Let BC = a, EC = b and EB = c
(1)
in the triangle BED, it is a 30:60:90 triangle. Hence the sides are in the ratio 1x : xrt3 : 2x
as 2x = 6rt3.
therefore, x = 3 rt3
Hence, EB = c = x = 3rt3
EC = b = ED - CD = xrt3 - 6 = (3 rt 3 * rt3) - 6 = 9-6 = 3
Now in the triangle BEC, using Pythagoras theorem,
a^2 = b^2 + c^2
i.e a = 6
SUFFICIENT
(2)
In the triangle BEC, It is a 30:60:90 triangle. Hence the sides are in the ratio 1x : xrt3 : 2x
as 2x = a
therefore x = a/2
b will become, b =a/2
and c =(a/2) rt3
Now in triangle BED, again it is a 30:60:90 triangle. Hence the sides are in the ratio 1y : yrt3 : 2y [ taking variable y so as not to get confused between the earlier x and this y]

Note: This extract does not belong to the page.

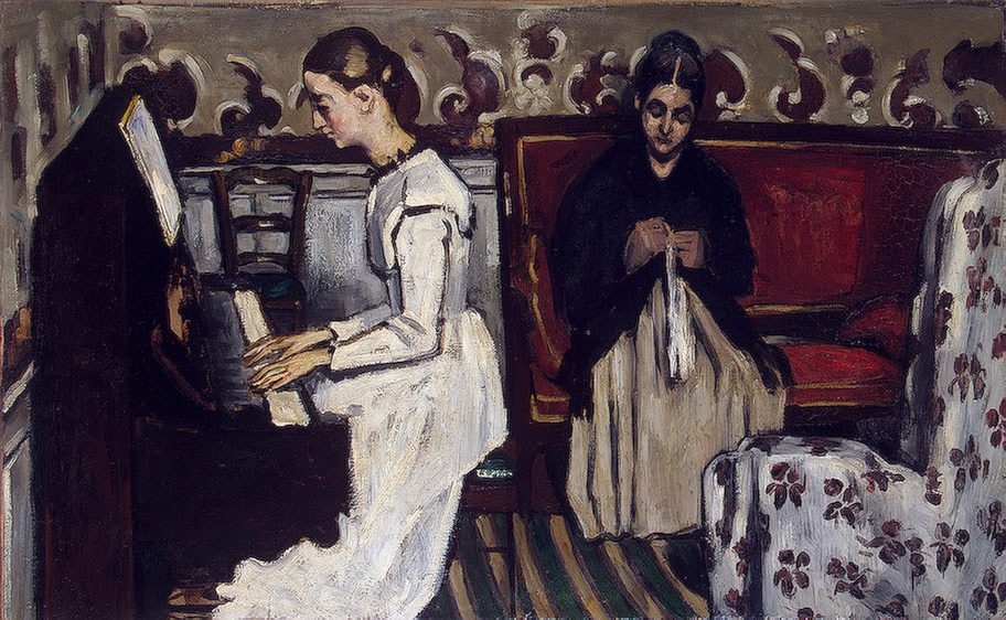 The Overture to Tannhauser: The Artist's Mother and Sister (1868). On exhibit at the Hermitage Museum in St. Petersburg.

as side ED is opposite to angle 60. therefore, yrt3 = (a/2) + 6
i.e. y = (((a/2)+6)/ rt3)
Also as side EB is opposite to angle 30, so y = (a/2) rt 3
equating both ys,
(((a/2)+6)/ rt3) = (a/2) rt 3
solving, we get a =6
SUFFICIENT
Therefore CORRECT ANSWER (D)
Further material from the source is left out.